相当直接:类的每个实例都有一个底层的 dict,其键是不区分大小写的头部名称,其值是头部值列表。如果我们现在将 Headers 插入到我们的 Request 类中,它应该看起来像这样:

class Request(typing.NamedTuple):
    method: str
    path: str
    headers: Headers

    @classmethod
    def from_socket(cls, sock: socket.socket) -> "Request":
        """Read and parse the request from a socket object.

        Raises:
          ValueError: When the request cannot be parsed.
        """
        lines = iter_lines(sock)

        try:
            request_line = next(lines).decode("ascii")
        except StopIteration:
            raise ValueError("Request line missing.")

        try:
            method, path, _ = request_line.split(" ")
        except ValueError:
            raise ValueError(f"Malformed request line {request_line!r}.")

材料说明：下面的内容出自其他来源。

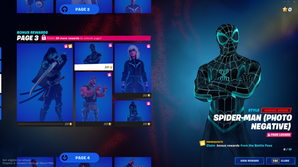 Ahora hablemos sobre las skins de nivel superior del primer pase de batalla del Capítulo 3, las skins de nivel superior de esta temporada viene en 3 variedades: Photo Negative, Scarlet Blackout y Gilded Reality.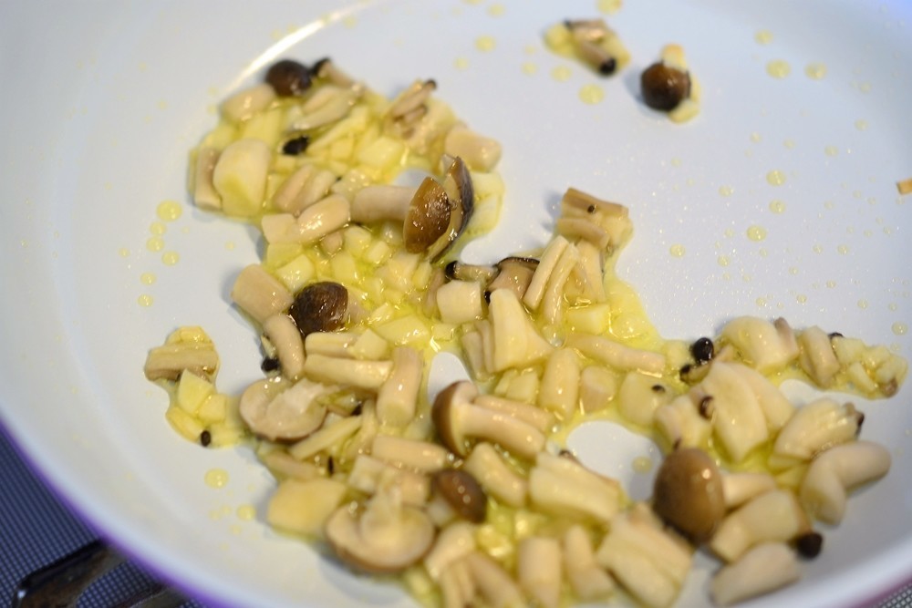 しめじ、白ワインを入れしめじがしんなりするまで炒める。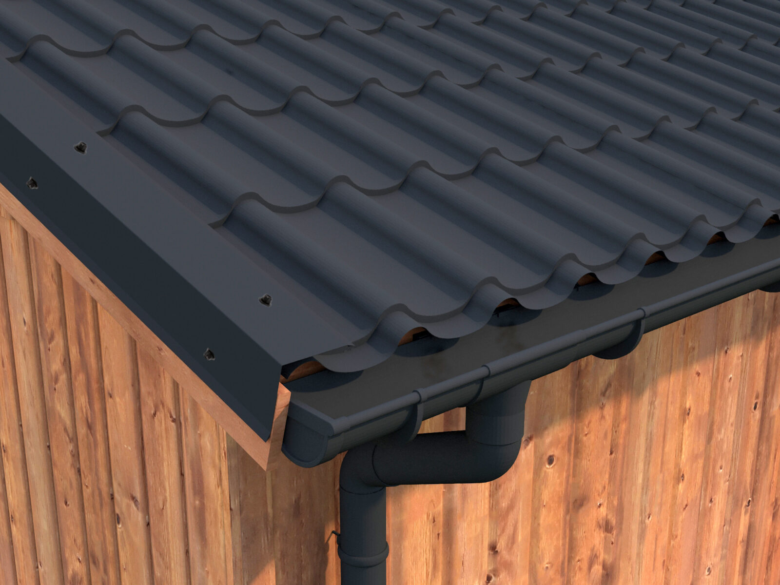 - toimituksessa peltikatto sadevesijärjestelmällä (väri RR33, PUR pinta)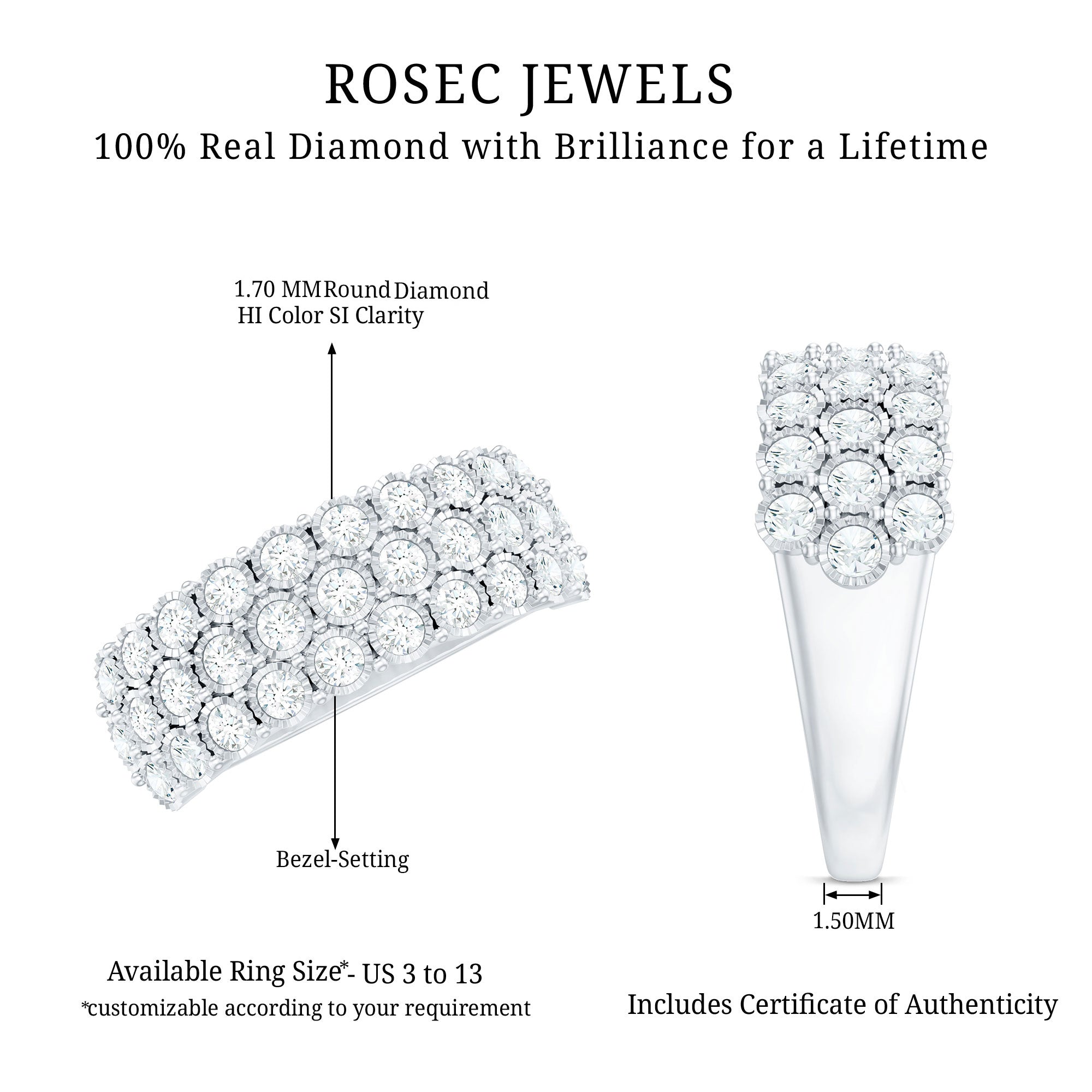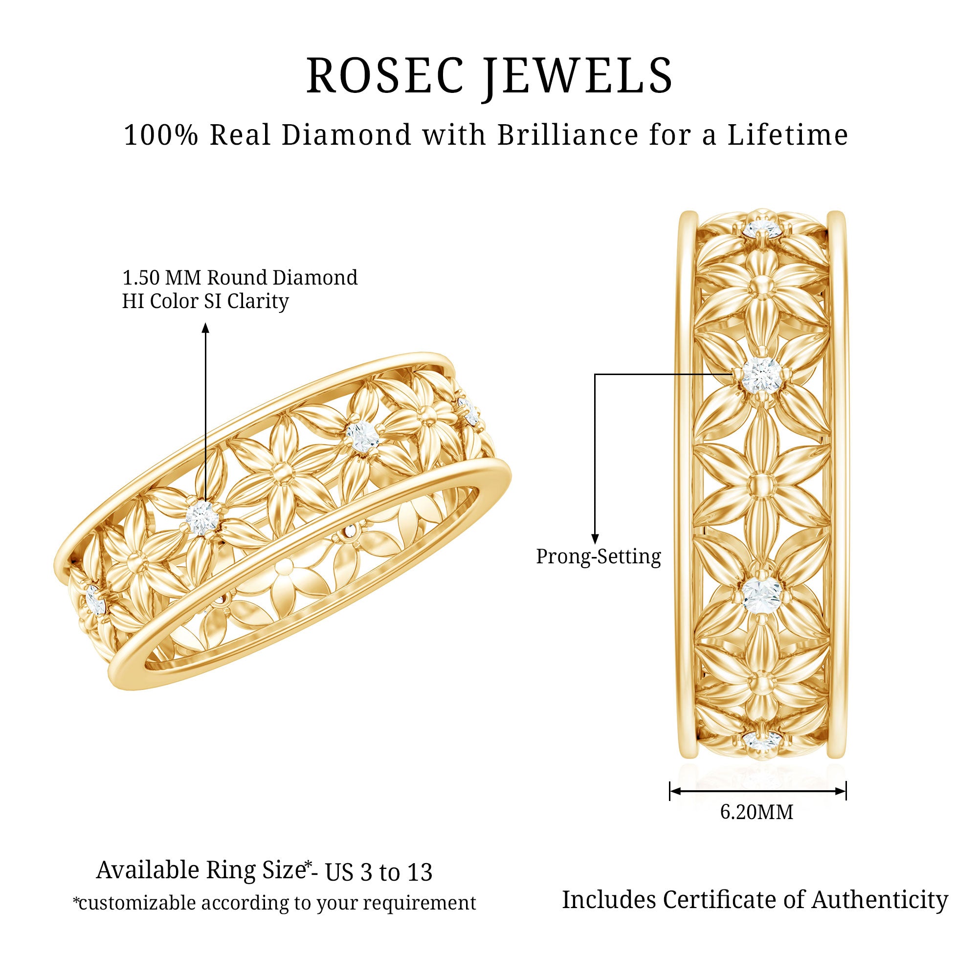 While setting out to buy diamond rings, you can look for the SGL certification to ensure the authenticity of diamond rings by Rosec Jewels.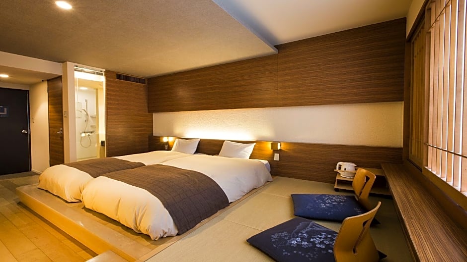 Providing free toiletries, this twin room includes a private bathroom with a shower, a bidet and a hairdryer. The air-conditioned twin room provides a flat-screen TV with satellite channels, tatami, soundproof walls, a seating area as well as mountain views. The unit offers 2 beds.

        headers = Headers()
        for line in lines:
            try:
                name, _, value = line.decode("ascii").partition(":")
                headers.add(name, value.lstrip())
            except ValueError:
                raise ValueError(f"Malformed header line {line!r}.")

        return cls(method=method.upper(), path=path, headers=headers)

接下来,让我们使我们的请求类能够读取请求体。由于每次请求都读取完整请求体可能是浪费的(并且是一个攻击向量!),我们将定义一个 BodyReader 类,它将表现得像一个只读文件对象,以便 Request 类的用户可以决定何时以及读取多少数据来自请求体。

class BodyReader(io.IOBase):
    def __init__(self, sock: socket.socket, *, buff: bytes = b"", bufsize: int = 16_384) -> None:
        self._sock = sock
        self._buff = buff
        self._bufsize = bufsize

    def readable(self) -> bool:
        return True

    def read(self, n: int) -> bytes:
        """Read up to n number of bytes from the request body.
        """
        while len(self._buff) < n:
            data = self._sock.recv(self._bufsize)
            if not data:
                break

            self._buff += data

        res, self._buff = self._buff[:n], self._buff[n:]
        return res

BodyReader 包装了一个套接字,并将数据以 bufsize 的块读入内存缓冲区。要理解为什么它的缓冲区可以预填充(构造函数中的 buff 参数),让我们再看看上次定义的 iter_lines 函数:

def iter_lines(sock: socket.socket, bufsize: int = 16_384) -> typing.Generator[bytes, None, bytes]:
    """Given a socket, read all the individual CRLF-separated lines
    and yield each one until an empty one is found.  Returns the
    remainder after the empty line.
    """
    buff = b""
    while True:
        data = sock.recv(bufsize)
        if not data:
            return b""

        buff += data
        while True:
            try:
                i = buff.index(b"\r\n")
                line, buff = buff[:i], buff[i + 2:]
                if not line:
                    return buff

                yield line
            except IndexError:
                break

你可以看到,一旦它找到请求头结束的标记( if not line: ),就会返回它可能读取的任何额外数据。举一个具体的例子,假设一个请求包含 4KiB 的头部数据和 100KiB 的正文数据,由于 iter_lines 默认以 16KiB 的块读取数据,它可能在一个调用中读取所有头部数据加上额外的 12KiB 正文数据。这 4KiB 的头部数据将被分割成行并由生成器输出,而请求头之后读取的额外数据将从生成器返回。我们将使用返回的数据来预填充 RequestReader 的内部缓冲区。

我们将需要更改我们的头部解析逻辑,使用 while 循环代替 for 循环,以便能够捕获生成器的返回值。一旦我们有了返回值,我们就可以构建一个 body reader,并将其传递给 Request 构造函数。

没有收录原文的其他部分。